For more information, please visit [libscca](https://github.com/libyal/libscca/blob/main/documentation/Windows%20Prefetch%20File%20(PF)%20format.asciidoc).

## Contributing

The source code for prefetch2es is hosted on GitHub. You can download, fork, and review it from this repository: https://github.com/sumeshi/prefetch2es.
Please report issues and feature requests. :sushi: :sushi: :sushi:

## License

prefetch2es is released under the [MIT](https://github.com/sumeshi/prefetch2es/blob/master/LICENSE) License.

### Third-party licenses

The standalone binaries distributed via GitHub Releases bundle [libscca / pyscca](https://github.com/libyal/libscca),
which is licensed under the [GNU Lesser General Public License v3.0 or later (LGPL-3.0-or-later)](https://www.gnu.org/licenses/lgpl-3.0.html).
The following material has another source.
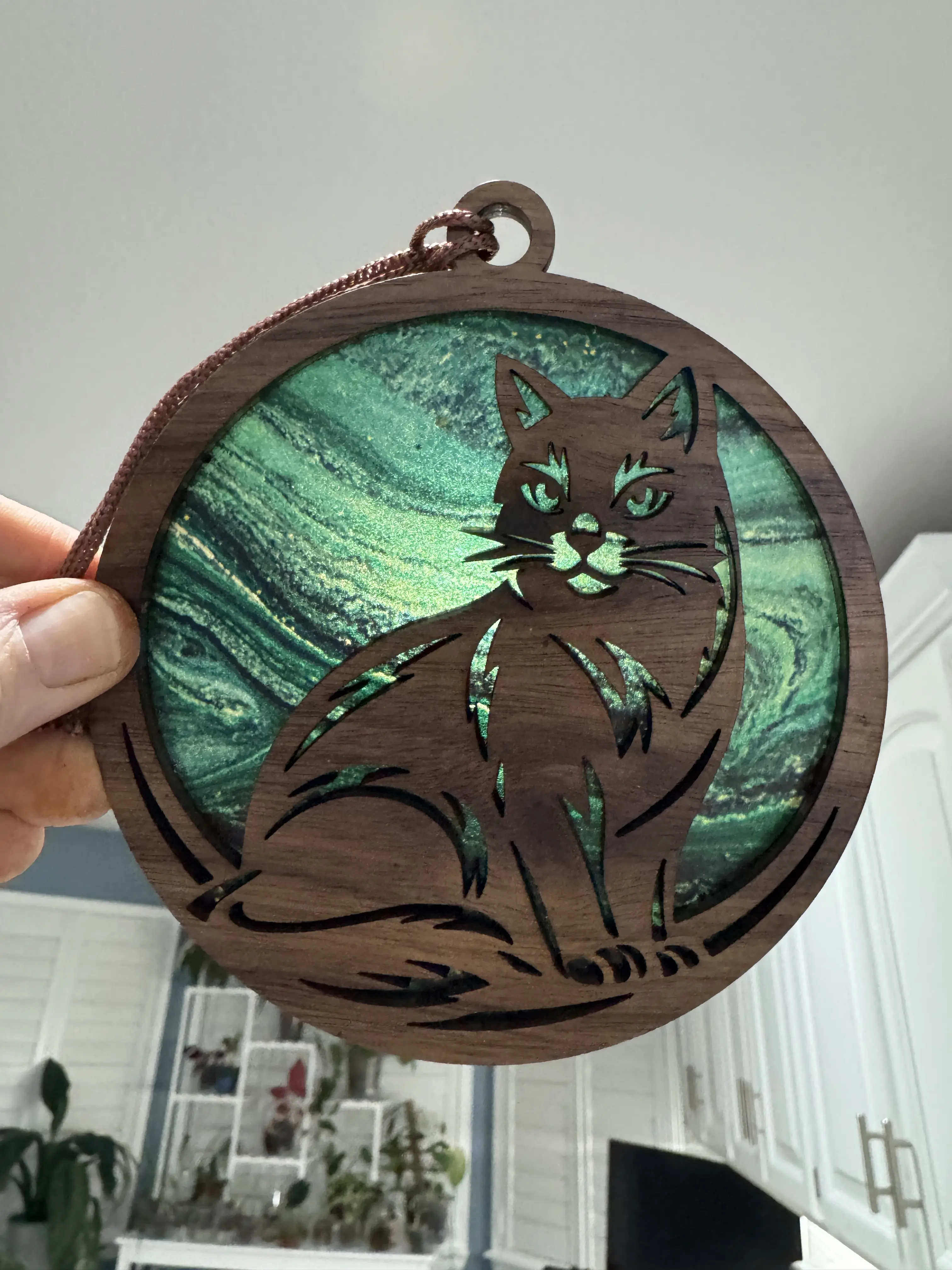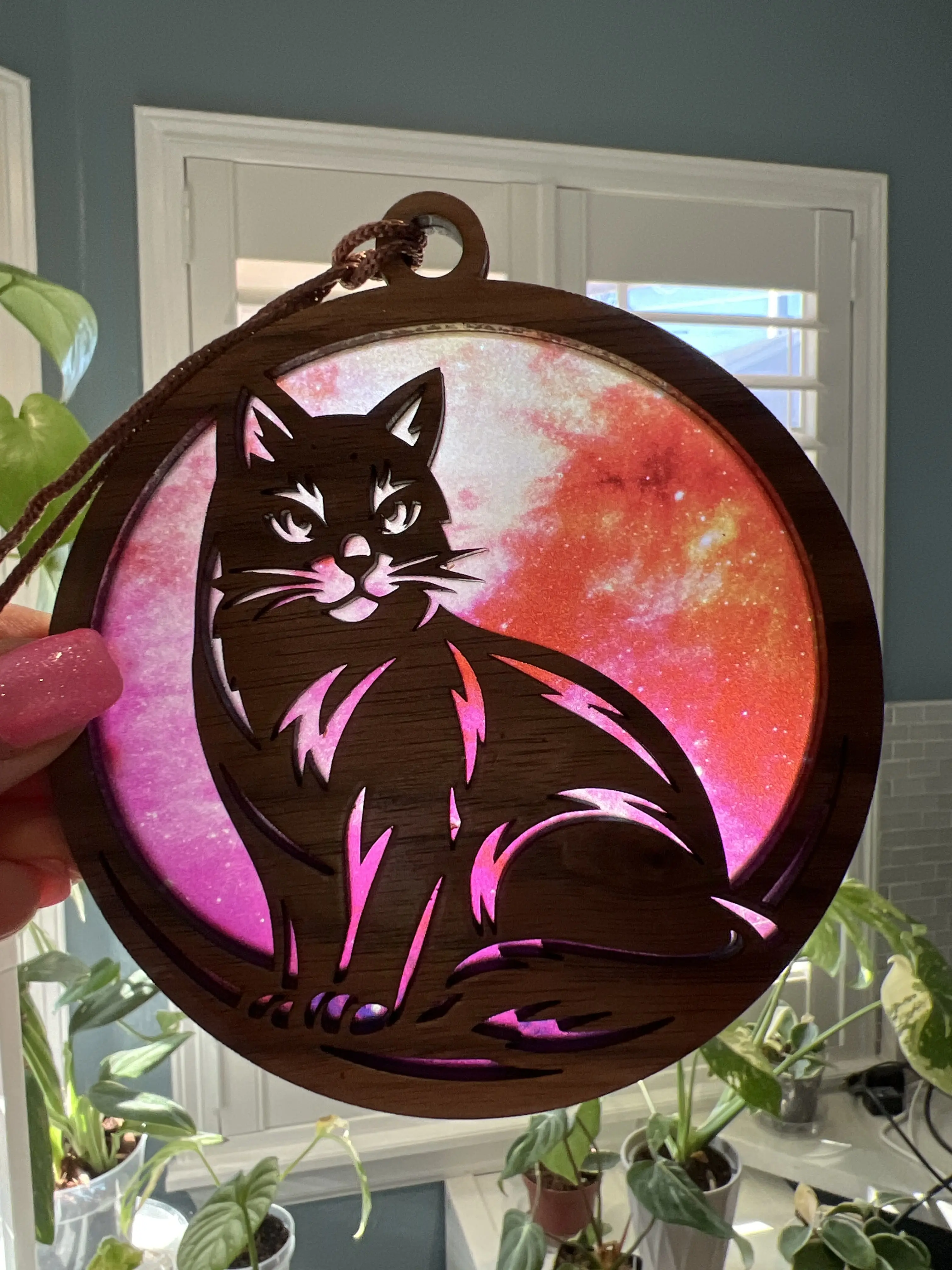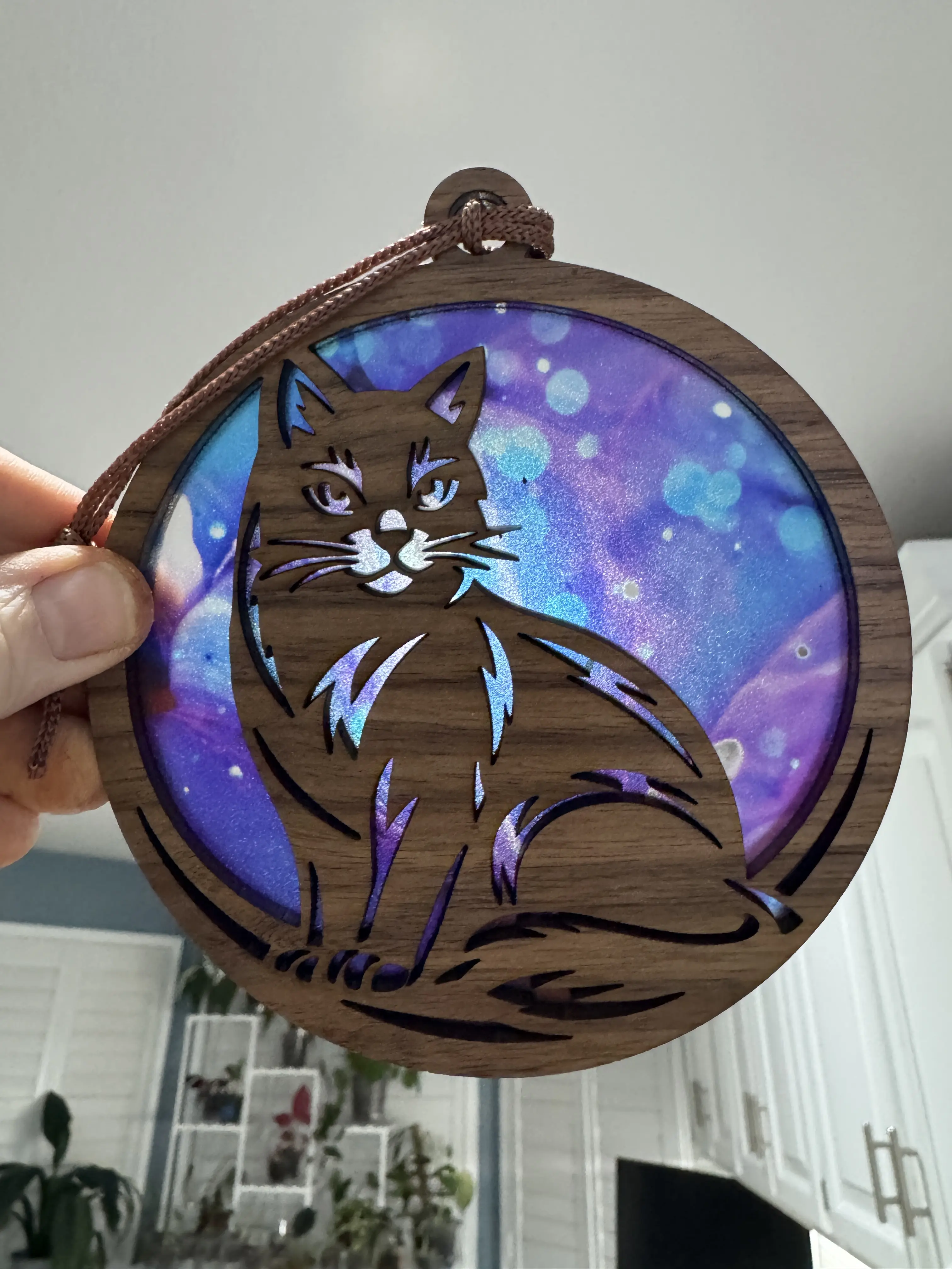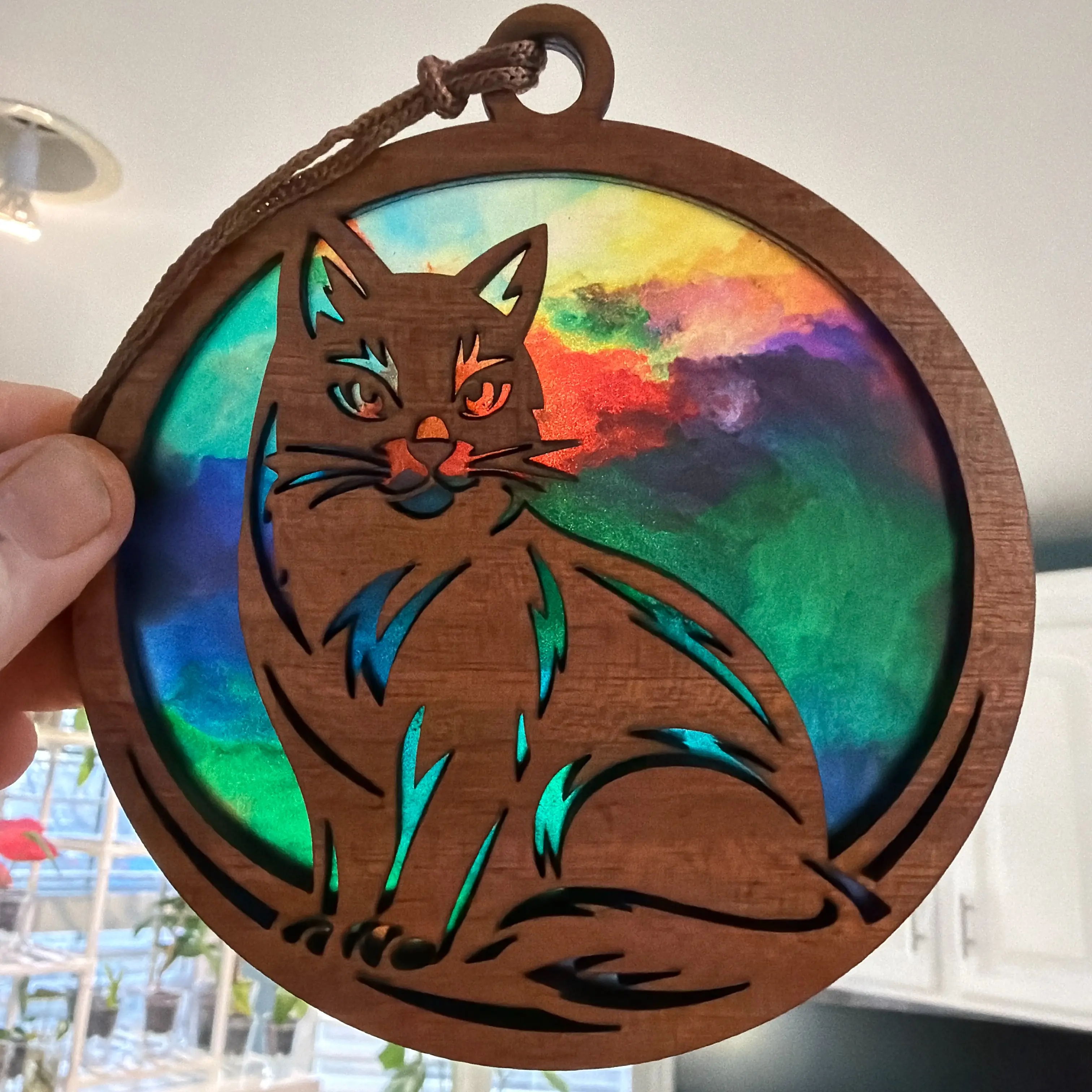 The Cat Suncatcher is a unique decorative piece designed to catch and reflect sunlight. It features a cat motif, adding charm to any space. Perfect for cat lovers or those who appreciate playful decor.

- Upstream source: https://github.com/libyal/libscca
- Bundled version: [`libscca-python==20260527`](https://pypi.org/project/libscca-python/20260527/) (source: https://github.com/libyal/libscca/releases/tag/20260527)
- License text: https://github.com/libyal/libscca/blob/main/COPYING.LESSER

You may obtain, modify, and rebuild libscca from the upstream source above in accordance with the LGPL.